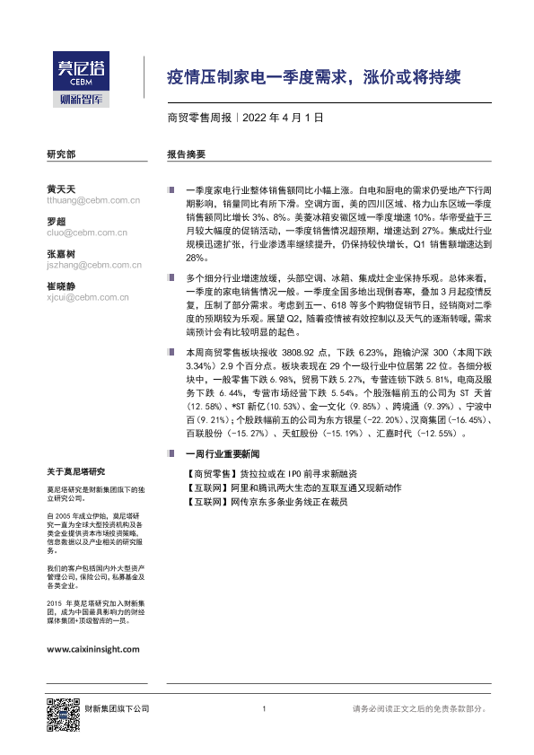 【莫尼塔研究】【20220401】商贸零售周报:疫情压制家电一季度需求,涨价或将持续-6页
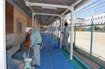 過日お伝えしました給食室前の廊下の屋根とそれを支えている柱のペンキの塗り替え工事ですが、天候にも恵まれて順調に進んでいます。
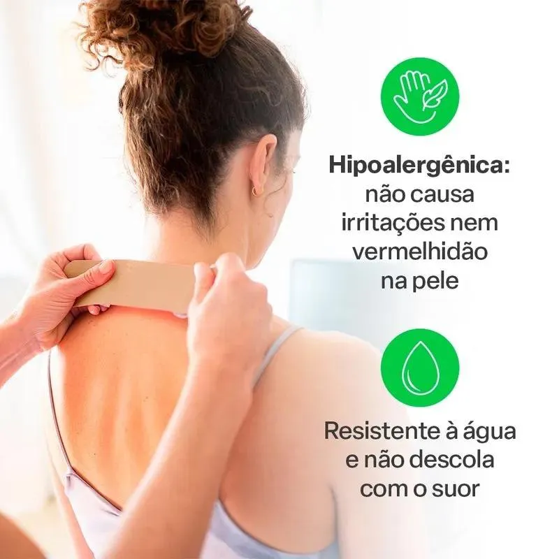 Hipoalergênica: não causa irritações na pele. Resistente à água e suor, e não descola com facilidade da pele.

==

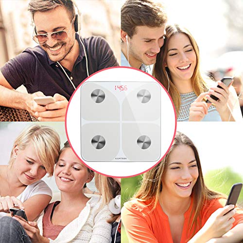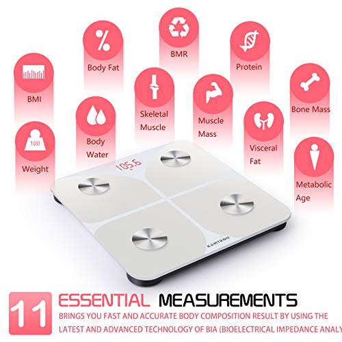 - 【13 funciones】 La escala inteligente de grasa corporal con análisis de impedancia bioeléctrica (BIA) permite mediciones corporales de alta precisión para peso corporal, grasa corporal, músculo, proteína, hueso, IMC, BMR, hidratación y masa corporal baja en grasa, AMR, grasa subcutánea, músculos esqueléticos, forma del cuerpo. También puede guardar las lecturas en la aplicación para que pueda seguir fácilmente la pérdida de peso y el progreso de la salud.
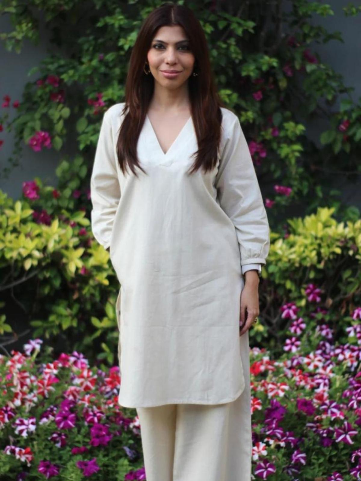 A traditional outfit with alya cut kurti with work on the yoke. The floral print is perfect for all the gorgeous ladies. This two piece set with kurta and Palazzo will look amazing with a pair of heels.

▶ [Aim of the task] Print nothing but the lines above starting with the line that contains "- 【13 funciones】" and going on through the line that contains "A traditional outfit". Leave out the pictures.

▶ [Solved problem]
 - 【13 funciones】 La escala inteligente de grasa corporal con análisis de impedancia bioeléctrica (BIA) permite mediciones corporales de alta precisión para peso corporal, grasa corporal, músculo, proteína, hueso, IMC, BMR, hidratación y masa corporal baja en grasa, AMR, grasa subcutánea, músculos esqueléticos, forma del cuerpo. También puede guardar las lecturas en la aplicación para que pueda seguir fácilmente la pérdida de peso y el progreso de la salud.
 A traditional outfit with alya cut kurti with work on the yoke. The floral print is perfect for all the gorgeous ladies. This two piece set with kurta and Palazzo will look amazing with a pair of heels.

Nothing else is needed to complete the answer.